Pourquoi cette inflexibilité ? Comme David Cameron, quoique à un niveau moindre, Angela Merkel est menacée par les eurosceptiques d'AfD. Les 7 % obtenus lors du scrutin européen, malgré les querelles internes et un programme flou, doivent faire réfléchir la chancelière. Si le gouvernement fédéral allemand accepte d'avancer dans la mutualisation des dettes en Europe, elle donnera du grain à moudre à AfD. Or, ce parti semble avoir fait le plein des électeurs libéraux déçus. Désormais, il chasse sur les terres électorales de la CDU et de la CSU, les deux partis conservateurs de la chancelière. Depuis une semaine, la presse allemande se focalise sur AfD qui est devenu le phénomène politique du moment outre-Rhin. De quoi encore inquiéter la chancelière qui gouverne avec les Sociaux-démocrates, ce qui ne plaît pas à tout le monde dans son camp. Un des principes de la politique allemande risque donc d'être dans les prochaines semaines l'immobilisme.
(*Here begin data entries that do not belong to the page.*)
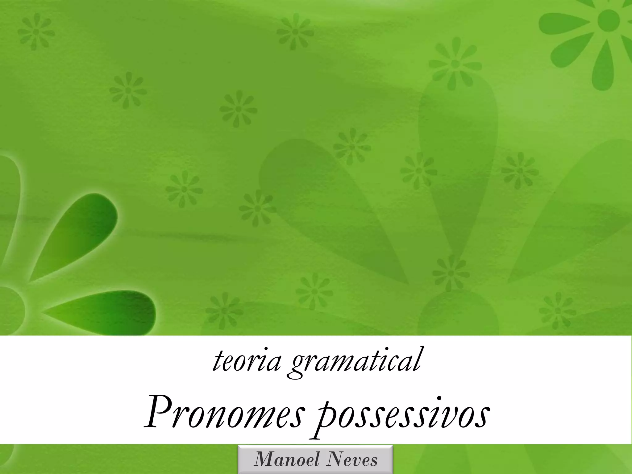 O documento discute pronomes possessivos em português. Apresenta suas definições e formas nas três pessoas do singular e plural, e discute casos em que pronomes oblíquos podem ter valor possessivo dependendo do contexto da frase. Exemplos ilustram a distinção entre uso oblíquo e possessivo.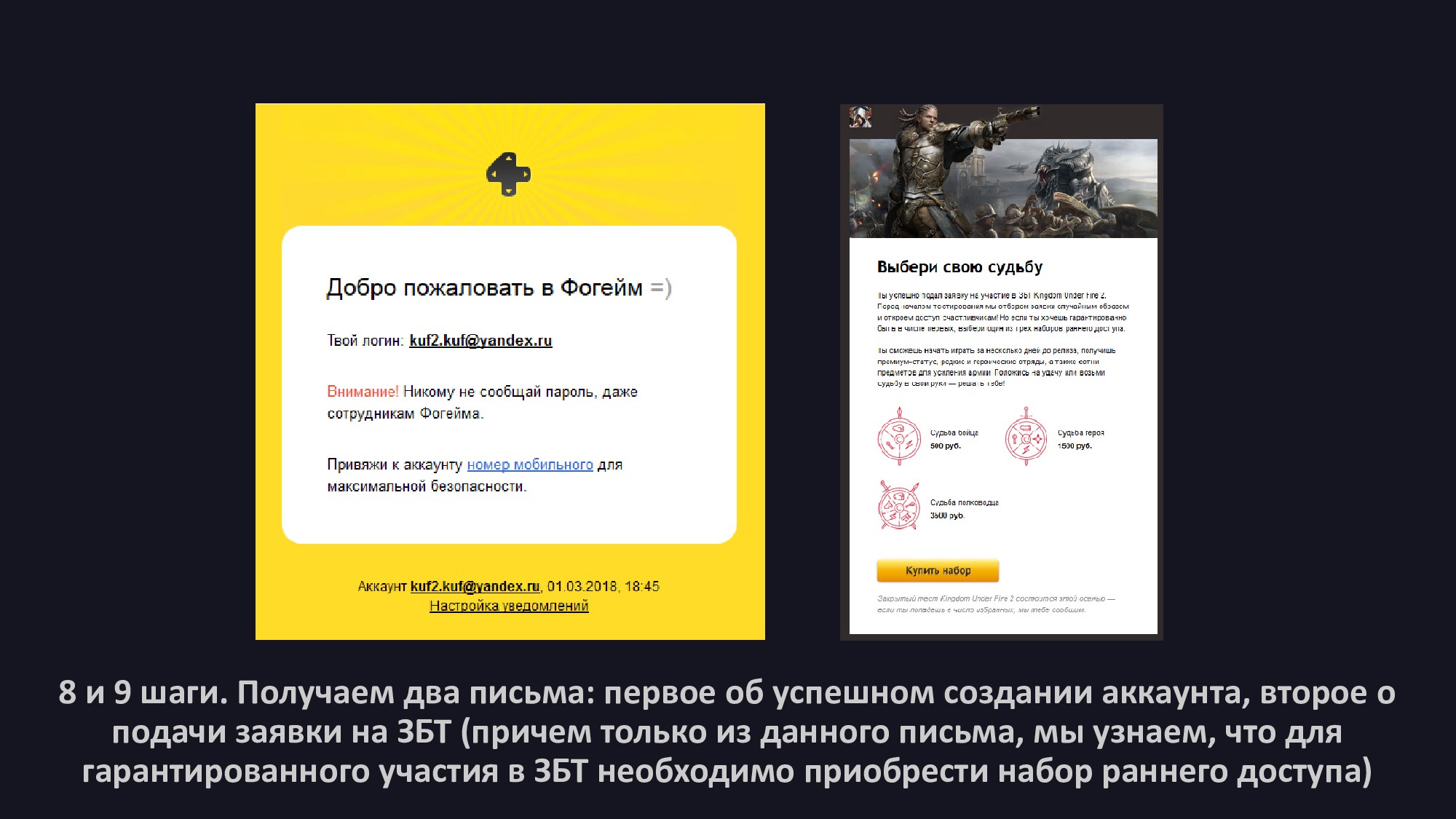 создании аккаунта, второе о подачи заявки на ЗБТ (причем только из данного письма, мы узнаем, что для гарантированного участия в ЗБТ необходимо приобрести набор раннего доступа)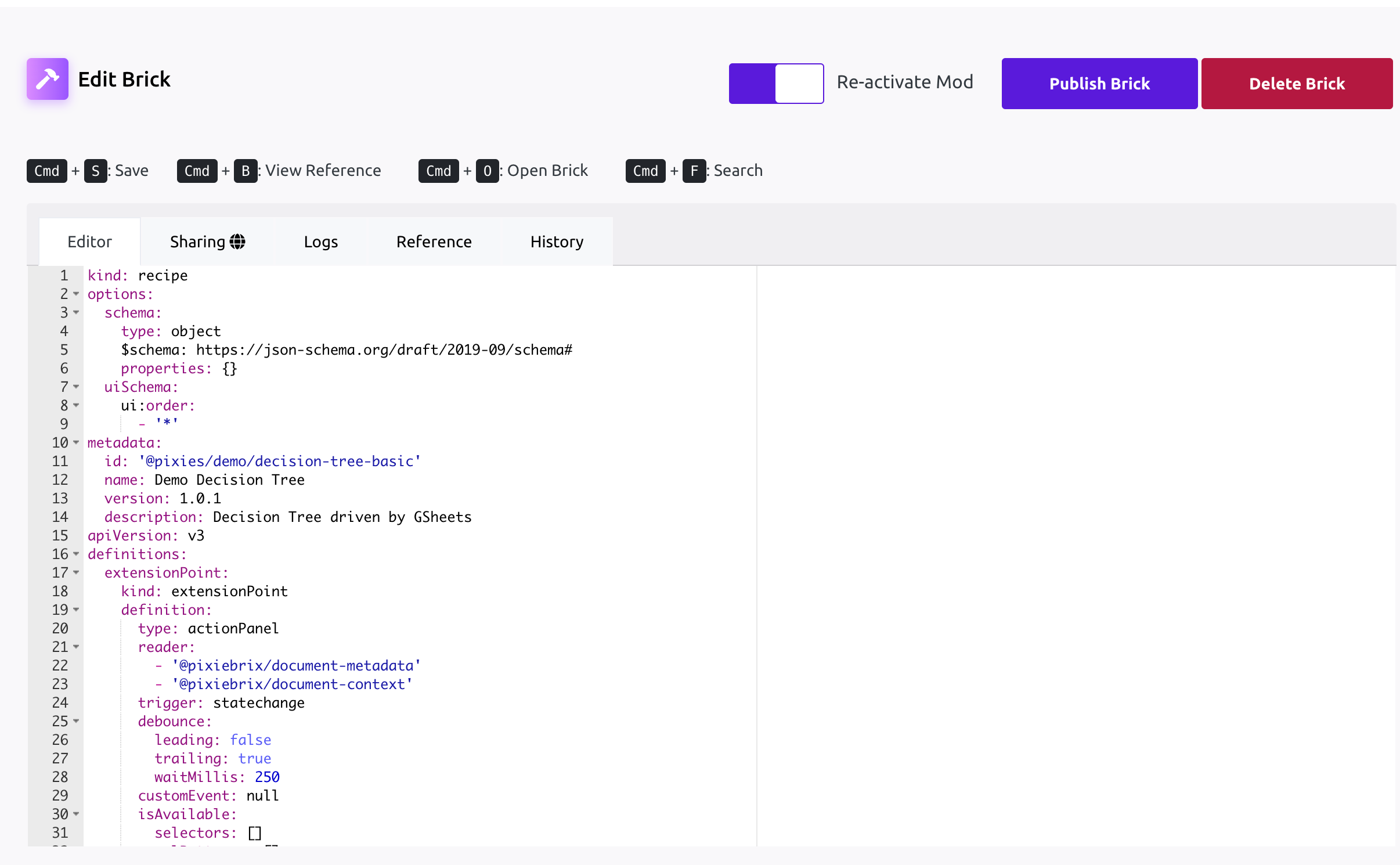 At the core, each PixieBrix mod (and brick) is really a YAML file that details a mod's composition. In the workshop, you can view a mod's YAML file and edit as you see fit.

Une Europe comme un canard sans tête

On le voit, les quatre grands pays de l'UE semblent aller dans des directions opposées. Dominés par leurs agendas nationaux, les dirigeants européens semblent désormais incapables de penser l'Europe et de proposer une réforme d'envergure de l'UE. Les décisions à venir risquent donc d'être des décisions du « moindre mal », des compromis assurant le maintien d'un équilibre précaire et d'une gouvernance qui a été sanctionnée le 25 mai. Rien de pire ne pouvait arriver à l'Europe qui est donc condamnée à demeurer cette superstructure bureaucratique obsédée par une illusoire « stabilité. » Mais pouvait-il en être vraiment autrement ?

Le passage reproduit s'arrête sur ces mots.